Preheat oven to 350 degrees and line a baking sheet with parchment paper.
In a food processor, pulse almonds and oats together until a fine meal develops. Take care not to overprocess else the nuts will release their oils and morph into almond butter. Add mixture to a large bowl. Stir in flour, brown sugar, baking soda, spices, and salt. Whisk well until any clumps of brown sugar are thoroughly incorporated in the batter.
In a separate bowl, whisk molasses, maple syrup, coconut oil, and vanilla until smooth. Add dry ingredients to wet and stir with a rubber spatula. Add milk 1 tablespoon at a time until batter is cohesive. Fold in cranberries and white chocolate chips.
Roll batter into 1-1/2 inch balls and press gently to flatten. Place on baking sheet about an inch or so apart - the cookies do rise and spread a bit. Bake for 10-12 minutes until bottom edges are lightly crisp. Remove from oven and cool 10 minutes on the baking sheet (the cookies will continue to bake and crisp up in the process), then transfer to a wire cookie rack and cool completely.
While cookies cool, make the glaze.
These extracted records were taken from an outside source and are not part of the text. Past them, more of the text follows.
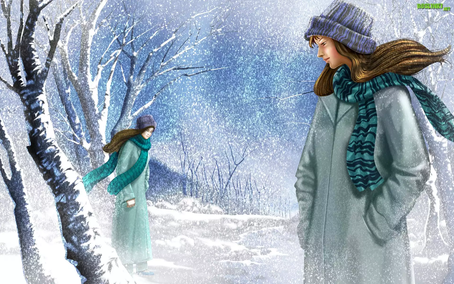 Kobiety, Park, Drzewa, Zima, Grafika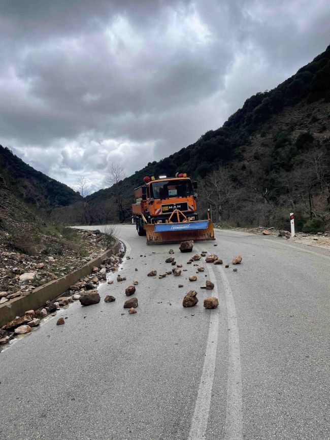 Με συντονισμένες ενέργειες και συνεχή παρουσία στο πεδίο, τα συνεργεία εργάζονται εντατικά για τον καθαρισμό του οδοστρώματος από φερτά υλικά και την απομάκρυνση επικίνδυνων βράχων, διασφαλίζοντας την προσβασιμότητα και την προστασία των διερχόμενων οδηγών.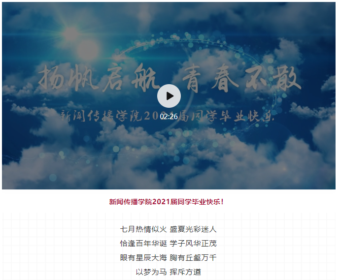 稀饭动漫 广播电视编导系教师熊芳发言,她送给同学们六个字:纯真、坚定、勇敢。她希望同学们怀真抱素、不忘初心,以最纯洁、真诚的心灵面对人生风雨,敢于担责、勇于担当,将个人生命融入历史洪流,在复杂多变的情境中保持坚定。恰逢中国共产党百年华诞,2021届毕业生目睹了“第一个一百年”奋斗目标的伟大实现,也经历着科技革命带来的传媒巨变,她希望同学们能用传媒的力量守护人的价值,发现真、弘扬善、传递美,用心发声,用爱发电,用青春的力量拥抱美好未来。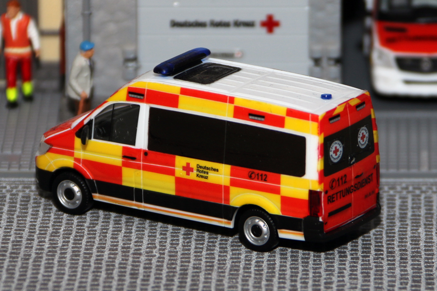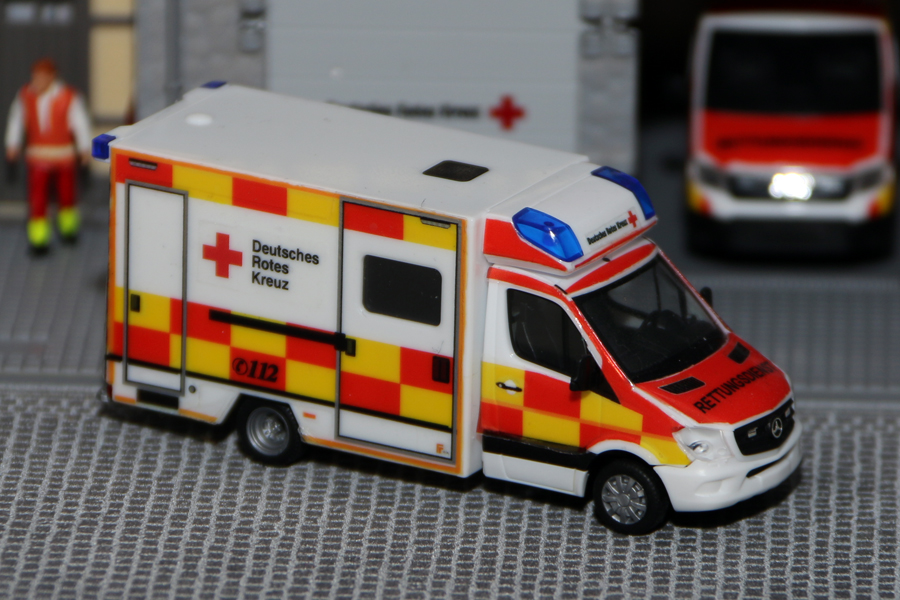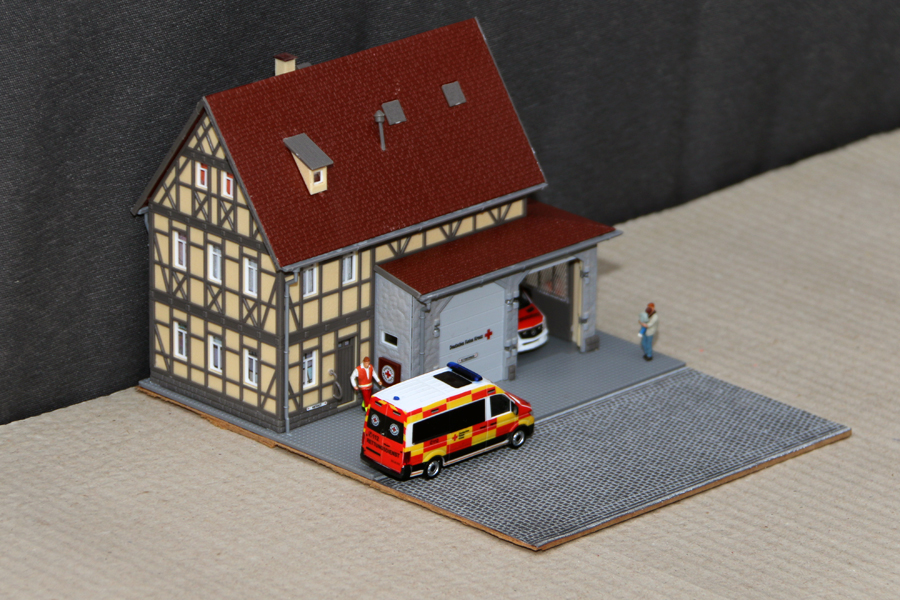 Die Rettungswache wird durch das DRK betrieben und von dort werden ein RTW sowie ein KTW eingesetzt. Die Fahrzeuge stammen von Herpa aus der Mini-Kit Serie und wurden mit Decals von Ralf Wiesner versehen.

Combine powdered sugar, orange juice and vanilla in a small bowl and whisk with a fork until incorporated. You may choose to add more juice or sugar depending on preferred thickness.
When cookies are completely cool to the touch. decorate! I used a fork to drizzle glaze overtop, but a spoon works well also. If you know an artistic method of glazing cookies, go for it! Serve with coffee or milk for a delightful midday or midnight treat.